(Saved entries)
------------

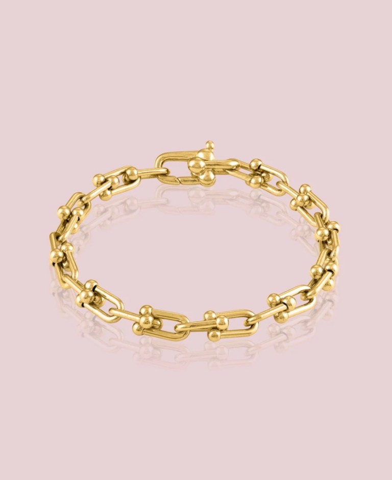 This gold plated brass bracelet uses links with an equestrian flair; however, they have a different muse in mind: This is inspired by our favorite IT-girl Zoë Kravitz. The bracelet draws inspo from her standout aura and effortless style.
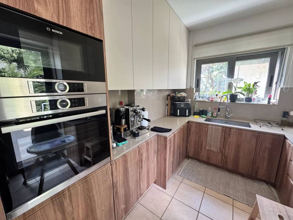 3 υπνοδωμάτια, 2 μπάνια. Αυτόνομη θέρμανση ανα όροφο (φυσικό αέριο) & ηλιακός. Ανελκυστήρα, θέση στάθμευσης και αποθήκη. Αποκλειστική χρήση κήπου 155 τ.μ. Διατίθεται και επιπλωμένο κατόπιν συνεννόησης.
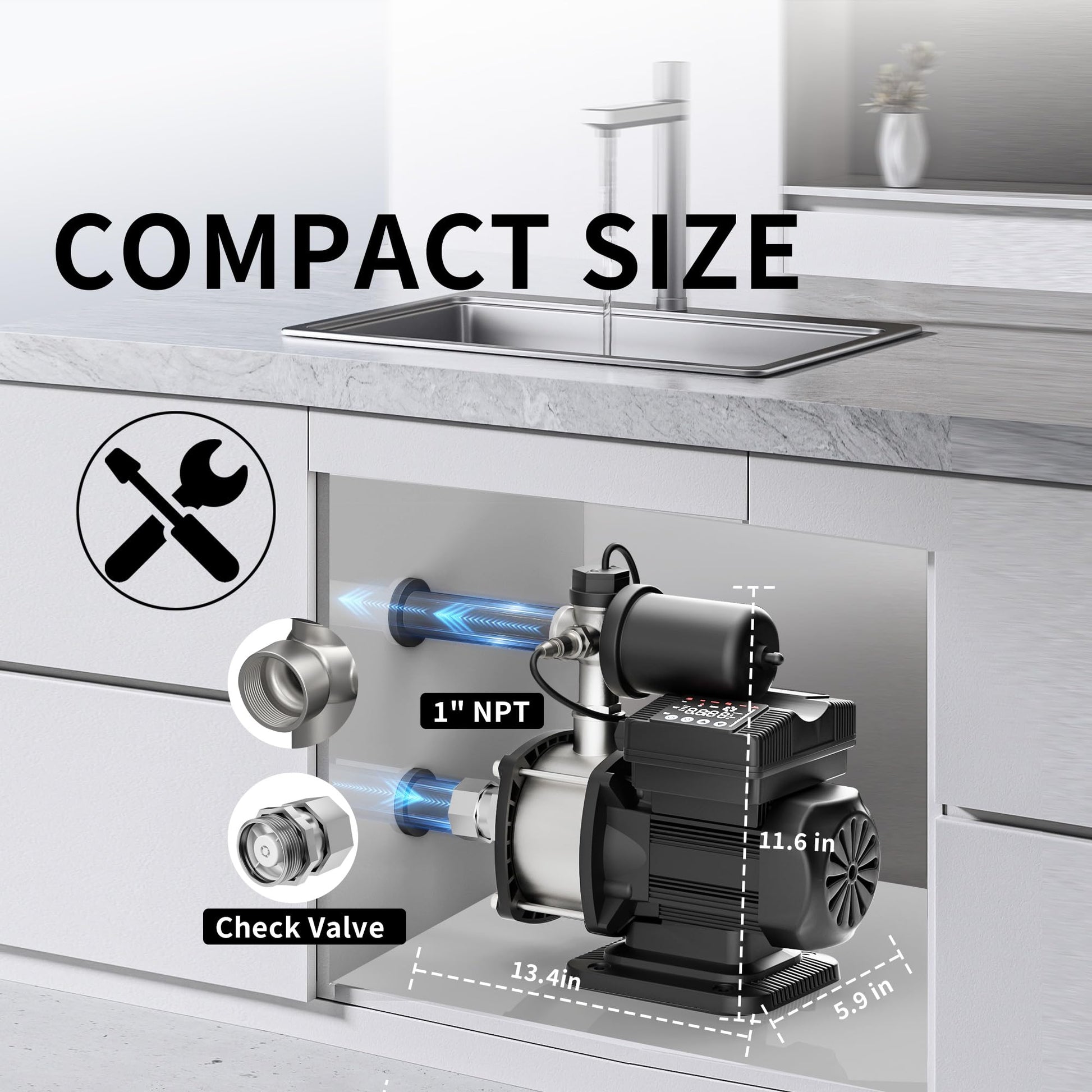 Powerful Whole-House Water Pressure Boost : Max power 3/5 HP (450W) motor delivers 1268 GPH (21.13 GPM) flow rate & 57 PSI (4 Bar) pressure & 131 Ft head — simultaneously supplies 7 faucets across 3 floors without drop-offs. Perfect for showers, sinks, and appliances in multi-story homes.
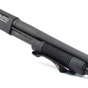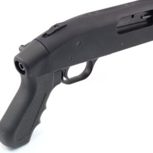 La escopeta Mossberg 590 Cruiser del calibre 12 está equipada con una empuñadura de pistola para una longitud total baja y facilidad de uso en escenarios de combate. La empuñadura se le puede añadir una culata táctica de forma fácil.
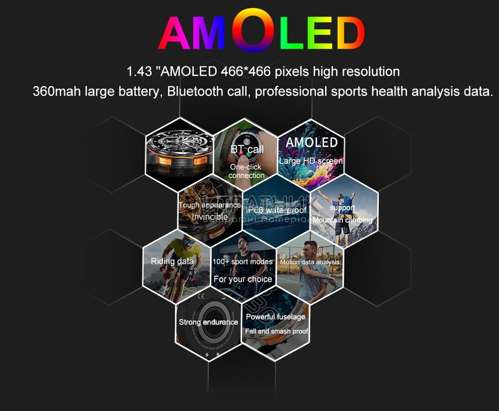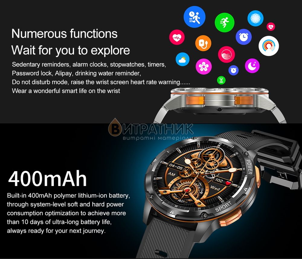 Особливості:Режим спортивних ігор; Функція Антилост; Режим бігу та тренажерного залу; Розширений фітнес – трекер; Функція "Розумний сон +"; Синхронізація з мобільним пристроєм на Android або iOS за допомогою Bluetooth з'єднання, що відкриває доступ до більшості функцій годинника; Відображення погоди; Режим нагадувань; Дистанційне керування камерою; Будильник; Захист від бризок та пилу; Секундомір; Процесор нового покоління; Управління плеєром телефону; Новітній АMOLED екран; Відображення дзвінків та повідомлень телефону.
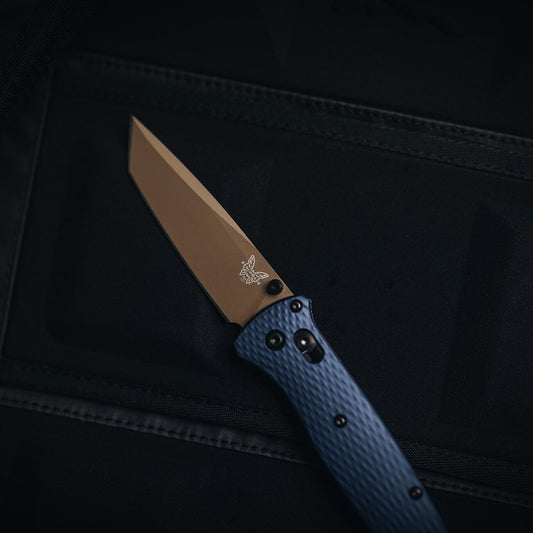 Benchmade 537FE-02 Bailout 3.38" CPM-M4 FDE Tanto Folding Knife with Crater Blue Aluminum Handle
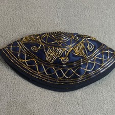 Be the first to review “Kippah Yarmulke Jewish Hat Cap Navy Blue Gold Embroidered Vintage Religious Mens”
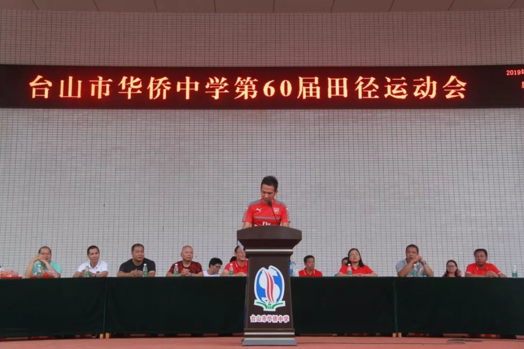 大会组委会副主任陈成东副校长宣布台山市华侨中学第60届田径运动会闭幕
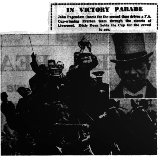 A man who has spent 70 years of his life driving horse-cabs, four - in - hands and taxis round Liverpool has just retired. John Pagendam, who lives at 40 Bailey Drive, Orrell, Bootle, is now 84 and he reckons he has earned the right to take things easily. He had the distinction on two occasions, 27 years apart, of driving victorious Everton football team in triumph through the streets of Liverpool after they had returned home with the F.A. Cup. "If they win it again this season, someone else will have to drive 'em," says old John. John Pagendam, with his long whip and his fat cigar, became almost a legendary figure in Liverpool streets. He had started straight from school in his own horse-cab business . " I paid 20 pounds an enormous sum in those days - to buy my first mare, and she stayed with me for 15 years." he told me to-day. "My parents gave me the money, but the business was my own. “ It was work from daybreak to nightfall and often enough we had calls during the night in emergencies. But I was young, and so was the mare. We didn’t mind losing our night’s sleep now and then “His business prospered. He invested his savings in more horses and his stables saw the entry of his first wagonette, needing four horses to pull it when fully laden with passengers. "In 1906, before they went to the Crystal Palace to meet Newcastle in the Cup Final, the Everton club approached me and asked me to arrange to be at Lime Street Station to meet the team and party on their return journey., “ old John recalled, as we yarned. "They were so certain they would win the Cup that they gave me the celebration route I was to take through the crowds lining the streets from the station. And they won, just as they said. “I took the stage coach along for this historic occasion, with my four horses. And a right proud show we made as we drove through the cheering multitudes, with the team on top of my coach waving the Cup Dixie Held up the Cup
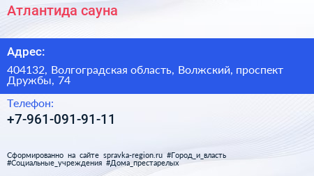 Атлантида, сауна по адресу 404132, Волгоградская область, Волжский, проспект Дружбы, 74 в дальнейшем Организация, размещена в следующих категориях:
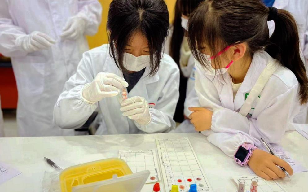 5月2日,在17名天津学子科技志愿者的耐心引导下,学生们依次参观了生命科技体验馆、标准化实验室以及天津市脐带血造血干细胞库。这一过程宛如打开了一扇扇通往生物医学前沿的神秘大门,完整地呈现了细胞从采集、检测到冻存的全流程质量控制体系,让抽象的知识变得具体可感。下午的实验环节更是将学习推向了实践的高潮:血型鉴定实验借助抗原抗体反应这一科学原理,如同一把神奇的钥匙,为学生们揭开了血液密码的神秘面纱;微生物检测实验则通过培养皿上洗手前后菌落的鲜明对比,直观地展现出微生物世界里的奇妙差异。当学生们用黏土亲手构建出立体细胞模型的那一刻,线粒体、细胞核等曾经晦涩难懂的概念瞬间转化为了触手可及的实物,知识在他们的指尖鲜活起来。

------------

What is needed:
Although the records contain pictures, the copy should consist of their text alone, reproduced exactly.

Task output:
 This gold plated brass bracelet uses links with an equestrian flair; however, they have a different muse in mind: This is inspired by our favorite IT-girl Zoë Kravitz. The bracelet draws inspo from her standout aura and effortless style.
 3 υπνοδωμάτια, 2 μπάνια. Αυτόνομη θέρμανση ανα όροφο (φυσικό αέριο) & ηλιακός. Ανελκυστήρα, θέση στάθμευσης και αποθήκη. Αποκλειστική χρήση κήπου 155 τ.μ. Διατίθεται και επιπλωμένο κατόπιν συνεννόησης.
 Powerful Whole-House Water Pressure Boost : Max power 3/5 HP (450W) motor delivers 1268 GPH (21.13 GPM) flow rate & 57 PSI (4 Bar) pressure & 131 Ft head — simultaneously supplies 7 faucets across 3 floors without drop-offs. Perfect for showers, sinks, and appliances in multi-story homes.
 La escopeta Mossberg 590 Cruiser del calibre 12 está equipada con una empuñadura de pistola para una longitud total baja y facilidad de uso en escenarios de combate. La empuñadura se le puede añadir una culata táctica de forma fácil.
 Особливості:Режим спортивних ігор; Функція Антилост; Режим бігу та тренажерного залу; Розширений фітнес – трекер; Функція "Розумний сон +"; Синхронізація з мобільним пристроєм на Android або iOS за допомогою Bluetooth з'єднання, що відкриває доступ до більшості функцій годинника; Відображення погоди; Режим нагадувань; Дистанційне керування камерою; Будильник; Захист від бризок та пилу; Секундомір; Процесор нового покоління; Управління плеєром телефону; Новітній АMOLED екран; Відображення дзвінків та повідомлень телефону.
 Benchmade 537FE-02 Bailout 3.38" CPM-M4 FDE Tanto Folding Knife with Crater Blue Aluminum Handle
 Be the first to review “Kippah Yarmulke Jewish Hat Cap Navy Blue Gold Embroidered Vintage Religious Mens”
 大会组委会副主任陈成东副校长宣布台山市华侨中学第60届田径运动会闭幕
 A man who has spent 70 years of his life driving horse-cabs, four - in - hands and taxis round Liverpool has just retired. John Pagendam, who lives at 40 Bailey Drive, Orrell, Bootle, is now 84 and he reckons he has earned the right to take things easily. He had the distinction on two occasions, 27 years apart, of driving victorious Everton football team in triumph through the streets of Liverpool after they had returned home with the F.A. Cup. "If they win it again this season, someone else will have to drive 'em," says old John. John Pagendam, with his long whip and his fat cigar, became almost a legendary figure in Liverpool streets. He had started straight from school in his own horse-cab business . " I paid 20 pounds an enormous sum in those days - to buy my first mare, and she stayed with me for 15 years." he told me to-day. "My parents gave me the money, but the business was my own. “ It was work from daybreak to nightfall and often enough we had calls during the night in emergencies. But I was young, and so was the mare. We didn’t mind losing our night’s sleep now and then “His business prospered. He invested his savings in more horses and his stables saw the entry of his first wagonette, needing four horses to pull it when fully laden with passengers. "In 1906, before they went to the Crystal Palace to meet Newcastle in the Cup Final, the Everton club approached me and asked me to arrange to be at Lime Street Station to meet the team and party on their return journey., “ old John recalled, as we yarned. "They were so certain they would win the Cup that they gave me the celebration route I was to take through the crowds lining the streets from the station. And they won, just as they said. “I took the stage coach along for this historic occasion, with my four horses. And a right proud show we made as we drove through the cheering multitudes, with the team on top of my coach waving the Cup Dixie Held up the Cup
 Атлантида, сауна по адресу 404132, Волгоградская область, Волжский, проспект Дружбы, 74 в дальнейшем Организация, размещена в следующих категориях:
 5月2日,在17名天津学子科技志愿者的耐心引导下,学生们依次参观了生命科技体验馆、标准化实验室以及天津市脐带血造血干细胞库。这一过程宛如打开了一扇扇通往生物医学前沿的神秘大门,完整地呈现了细胞从采集、检测到冻存的全流程质量控制体系,让抽象的知识变得具体可感。下午的实验环节更是将学习推向了实践的高潮:血型鉴定实验借助抗原抗体反应这一科学原理,如同一把神奇的钥匙,为学生们揭开了血液密码的神秘面纱;微生物检测实验则通过培养皿上洗手前后菌落的鲜明对比,直观地展现出微生物世界里的奇妙差异。当学生们用黏土亲手构建出立体细胞模型的那一刻,线粒体、细胞核等曾经晦涩难懂的概念瞬间转化为了触手可及的实物,知识在他们的指尖鲜活起来。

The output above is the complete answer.